Make an exact copy of the listing underneath, skipping each picture.

START SUPPLIED ENTRIES

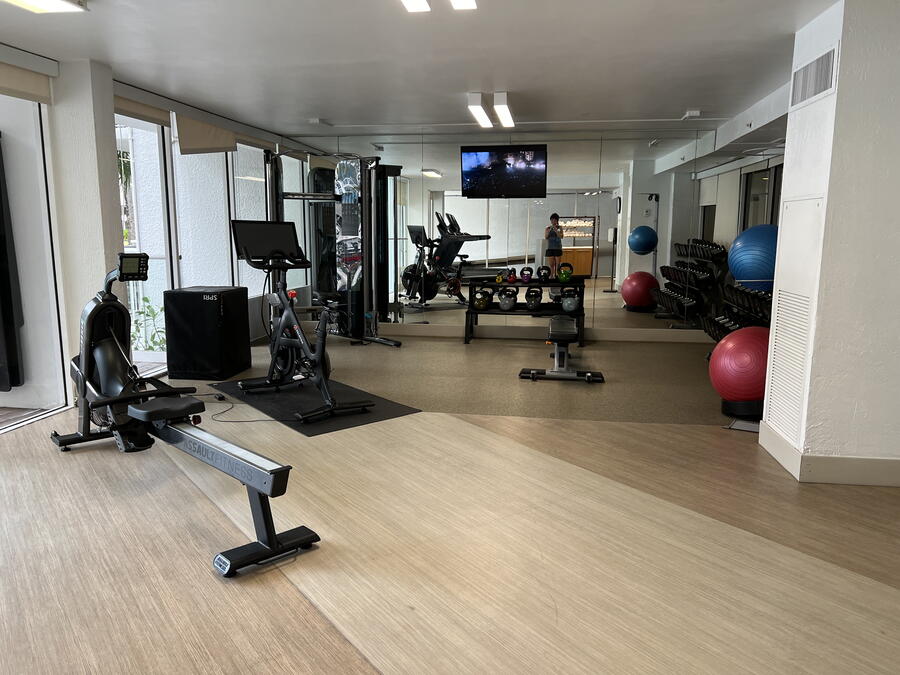 I have never liked the fitness center at the Hilton Marina. It seemed more like an afterthought, sticking cardio equipment and weights into a small room with excessive condensation from the inside A/C and outside humidity. But they have now streamlined the place with newer free weights, fewer treadmills, a rower and a Peloton bike, which makes me happy.
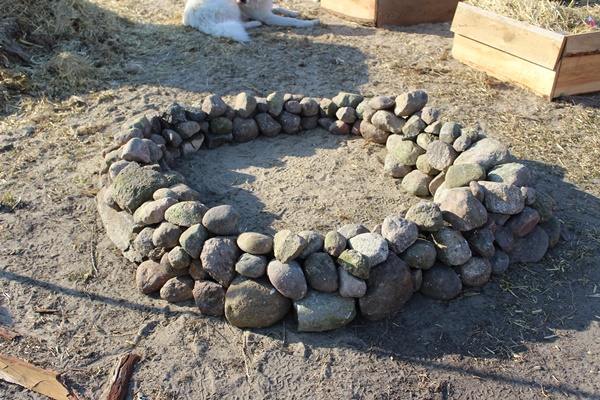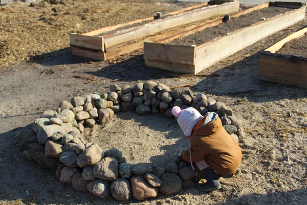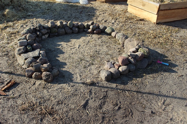 To start with my husband positioned the larger stones, after that we filled out the spaces in between with the smaller stones. Than what’s left is filling up the bed with soil, spreading out the soil and finished is the plant bed.
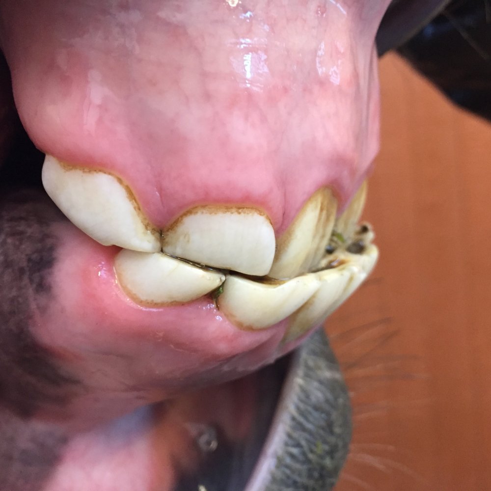 En grundig mundhuleundersøgelse viste, at den ene kindtand forrest i undermunden var meget for høj. Dette skyldes, at den modstående tand var slidt helt i bund. Den høje tand var begyndt at lave sår i ganen.
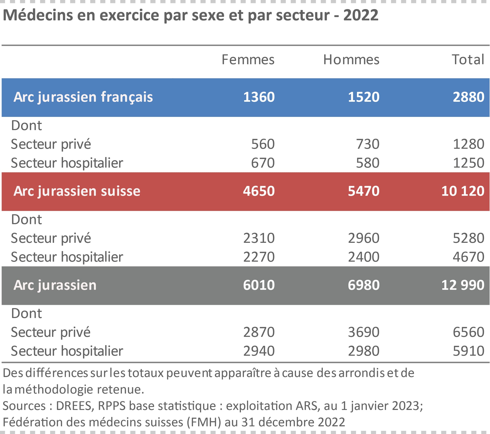Au 1er janvier 2023, plus de 13 000 médecins et spécialistes exercent dans l’Arc jurassien avec une densité de 30 médecins pour 10 000 habitants côté France contre 48 médecins pour 10 000 habitants sur la partie suisse. La part d’hommes dans la profession est légèrement supérieure à celle des femmes de chaque côté de la frontière. L’Arc jurassien franco-suisse compte 3 100 médecins de proximité, catégorie regroupant les généralistes et les pédiatres, lesquels sont plus nombreux sur la partie suisse. Le recours à la pédiatrie varie d’un pays à l’autre. En Suisse, les consultations de médecine de proximité destinées aux enfants de moins de 5 ans sont assurées à 90 % par des pédiatres. Le recours au médecin généraliste plutôt qu’au pédiatre reste minoritaire jusqu’à la fin de l’adolescence. À l’inverse, en France, plus de 40 % des enfants de 0 à 3 ans sont suivis uniquement par un généraliste. Le recours au pédiatre reste donc minoritaire en France où la moitié des pédiatres exerce dans un hôpital.
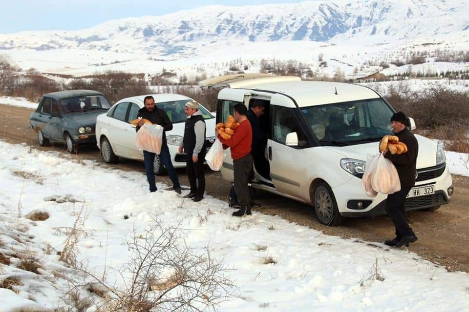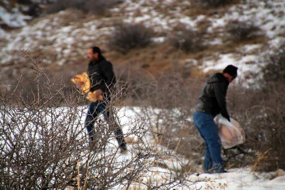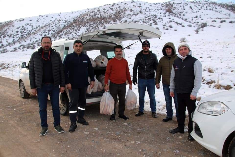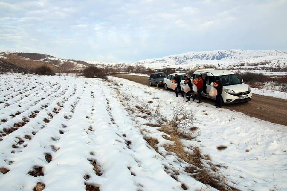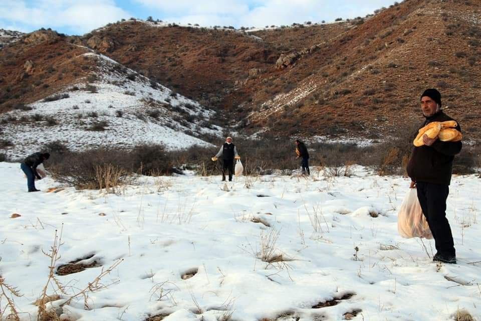 Şarkışla ilçesinde bir grup esnaf doğaya yem bıraktı
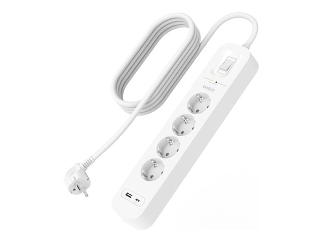 Tuotekuvaus Belkin Connect - ylijännitesuoja - USB-C- ja USB-A-porteilla Laitteen tyyppi Ylijännitesuoja - ulkoinen Johdon pituus 2 m Lähtöliittimet 4 x teho (yliaalto)
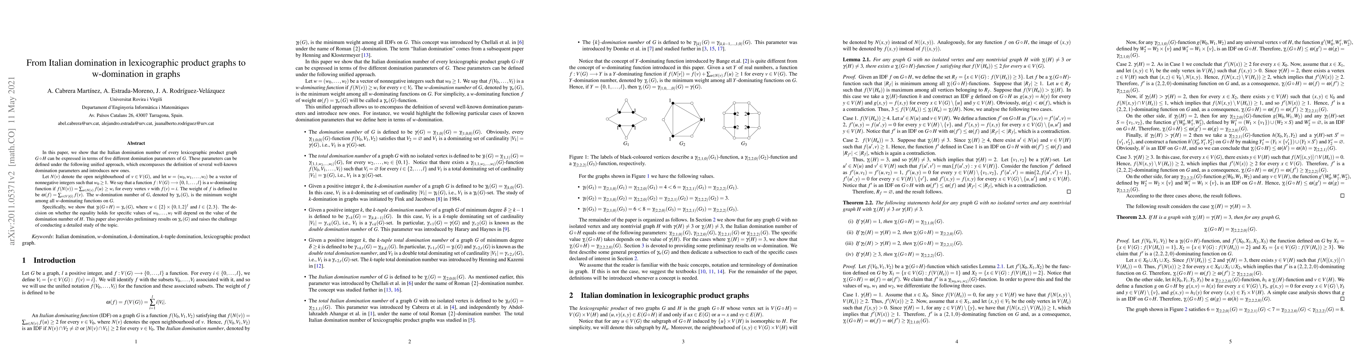 This paper connects the Italian domination number in lexicographic product graphs to a new concept of $w$-domination in graphs. It defines $w$-dominating functions and the associated $w$-domination number, showing that the Italian domination number in such product graphs can be expressed in terms of these new domination parameters.

END SUPPLIED ENTRIES

#### [EXERCISE OUTPUT]
 I have never liked the fitness center at the Hilton Marina. It seemed more like an afterthought, sticking cardio equipment and weights into a small room with excessive condensation from the inside A/C and outside humidity. But they have now streamlined the place with newer free weights, fewer treadmills, a rower and a Peloton bike, which makes me happy.
 To start with my husband positioned the larger stones, after that we filled out the spaces in between with the smaller stones. Than what’s left is filling up the bed with soil, spreading out the soil and finished is the plant bed.
 En grundig mundhuleundersøgelse viste, at den ene kindtand forrest i undermunden var meget for høj. Dette skyldes, at den modstående tand var slidt helt i bund. Den høje tand var begyndt at lave sår i ganen.
Au 1er janvier 2023, plus de 13 000 médecins et spécialistes exercent dans l’Arc jurassien avec une densité de 30 médecins pour 10 000 habitants côté France contre 48 médecins pour 10 000 habitants sur la partie suisse. La part d’hommes dans la profession est légèrement supérieure à celle des femmes de chaque côté de la frontière. L’Arc jurassien franco-suisse compte 3 100 médecins de proximité, catégorie regroupant les généralistes et les pédiatres, lesquels sont plus nombreux sur la partie suisse. Le recours à la pédiatrie varie d’un pays à l’autre. En Suisse, les consultations de médecine de proximité destinées aux enfants de moins de 5 ans sont assurées à 90 % par des pédiatres. Le recours au médecin généraliste plutôt qu’au pédiatre reste minoritaire jusqu’à la fin de l’adolescence. À l’inverse, en France, plus de 40 % des enfants de 0 à 3 ans sont suivis uniquement par un généraliste. Le recours au pédiatre reste donc minoritaire en France où la moitié des pédiatres exerce dans un hôpital.
 Şarkışla ilçesinde bir grup esnaf doğaya yem bıraktı
 Tuotekuvaus Belkin Connect - ylijännitesuoja - USB-C- ja USB-A-porteilla Laitteen tyyppi Ylijännitesuoja - ulkoinen Johdon pituus 2 m Lähtöliittimet 4 x teho (yliaalto)
 This paper connects the Italian domination number in lexicographic product graphs to a new concept of $w$-domination in graphs. It defines $w$-dominating functions and the associated $w$-domination number, showing that the Italian domination number in such product graphs can be expressed in terms of these new domination parameters.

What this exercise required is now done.